Panorama

Introduction

Malgré l'irruption de nouvelles images télévisuelles et un changement de majorité politique, la culture aura, en 1986, continué son irrésistible ascension. Nouvelles images télévisuelles : les débuts d'émission de la « 5 » (le 20 février) et de TV6 (le 1er mars), la décision de privatiser TF1, entérinée au mois d'août, n'ont nullement affaibli les vertus d'un mot de plus en plus magique. Bien au contraire. Ainsi, l'attribution de TF1 en 1987 se fera-t-elle, notamment, selon le critère inédit du « mieux-disant culturel ». De plus, tout au long de l'année, les structures et compétences de la « 7 », la Société d'éditions de programmes de télévision, que préside l'historien Georges Duby, se seront affinées : sa vocation est de devenir une super-chaîne de production culturelle, destinée notamment au satellite européen TDF1. Changement politique : l'arrivée de François Léotard et de son secrétaire d'État Philippe de Villiers, dans ce qui est devenu le ministère de la Culture et de la Communication, le réexamen général des grands projets architecturaux du septennat de François Mitterrand n'ont guère bouleversé l'édifice culturel mis en place par cinq années de gestion socialiste. Le doublement du budget, c'est-à-dire de l'activité, du ministère de la rue de Valois, a été pour l'essentiel confirmé, les « grands chantiers du président » conservés, à la seule exception du Carrefour de la Communication. Même le plus controversé, l'Opéra de la Bastille, sera finalement construit, afin d'abriter « une grande salle de théâtre à vocation musicale, chorégraphique et lyrique », le palais Garnier conservant, lui, sa « vocation lyrique ». Voilà l'héritage de Jack Lang endossé, mais avec deux légers et significatifs infléchissements : une attention plus marquée envers le patrimoine, avec la nouvelle école qui lui est consacrée, des crédits en hausse pour la Bibliothèque nationale ou l'Institut français d'histoire de l'art ; et la promotion de l'« entreprise culturelle », dans la lignée du Puy-du-Fou, l'étonnant festival son et lumière créé en Vendée par Philippe de Villiers, mariant brillamment mémoire locale, grand spectacle, succès populaire et... financier.

Cette année de changement aura vu, en définitive, la conclusion de deux grandes opérations entamées sous la présidence de Valéry Giscard d'Estaing et poursuivies par la gauche au pouvoir : ouverture, le 14 mars, de la Cité des sciences et de l'industrie de la Villette, le plus grand musée technique du monde, et le 9 décembre, du musée d'Orsay, consacré au xixe siècle, musée à l'inauguration duquel le président en exercice, accompagné de son prédécesseur, pouvait évoquer un « bel exemple de continuité esthétique ».
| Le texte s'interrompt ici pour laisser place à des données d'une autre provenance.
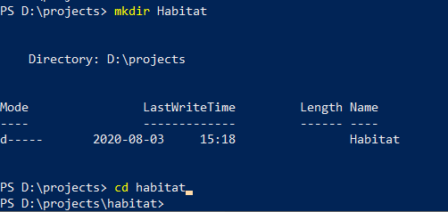 Ouvrez une fenêtre Powershell en tant qu’administrateur. Créez un nouveau dossier, par exemple “Habitat”.

Car la culture fait aujourd'hui l'unanimité. Dressant un bilan impressionnant de l'explosion du phénomène, l'Express parlait même au mois de mai de « nouvelle communion des Français ». Fût-ce quand ceux-ci s'en disputent les reliques, comme ces plans-reliefs des Invalides, trop hâtivement déménagés à Lille et revendiqués à la fois par la capitale et par la grande métropole du Nord. Ou quand, de façon inattendue, resurgit une nouvelle version de l'éternelle querelle des anciens et des modernes, à propos des fameuses colonnes de Daniel Buren, dans la cour du Palais-Royal, décidées avant mars 1986 et finalement autorisées par François Léotard : droit moral de l'artiste et continuité de l'État obligent ! Une bataille du style dont notre pays est coutumier, et qui témoigne d'un tiraillement très national, entre l'obligation de modernité et l'attachement à un patrimoine prestigieux.
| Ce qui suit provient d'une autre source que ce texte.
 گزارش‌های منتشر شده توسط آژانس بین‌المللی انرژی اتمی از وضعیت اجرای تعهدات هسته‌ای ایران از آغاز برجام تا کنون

L'arbre contesté ne devrait pas cacher la forêt. Partout la culture est en hausse, portée notamment par une remarquable mobilisation financière des municipalités, devançant, dès les années 70, l'État. En 1962, la part des budgets communaux qui lui était consacrée oscillait autour de 2,4 p. 100. Elle bondit, entre 1967 et 1981, de 4,2 à 8,7 p. 100, pour atteindre aujourd'hui 11 p. 100. Et ce, quelle que soit la couleur politique des maires. Ailleurs, le décor culturel est à la mode : la direction du plus prestigieux fabricant de hamburgers a, par exemple, tapissé ses établissements des Halles et du boulevard Saint-Michel de bibliothèques en trompe-l'œil ! Le mécénat culturel a, lui, le vent en poupe, les entreprises françaises commençant à combler, en la matière, le retard pris, depuis plus d'un siècle, sur les États-Unis, comme en faisait foi Creacom, le premier Salon international du sponsoring et du mécénat, qui s'est tenu en novembre au palais cannois des festivals.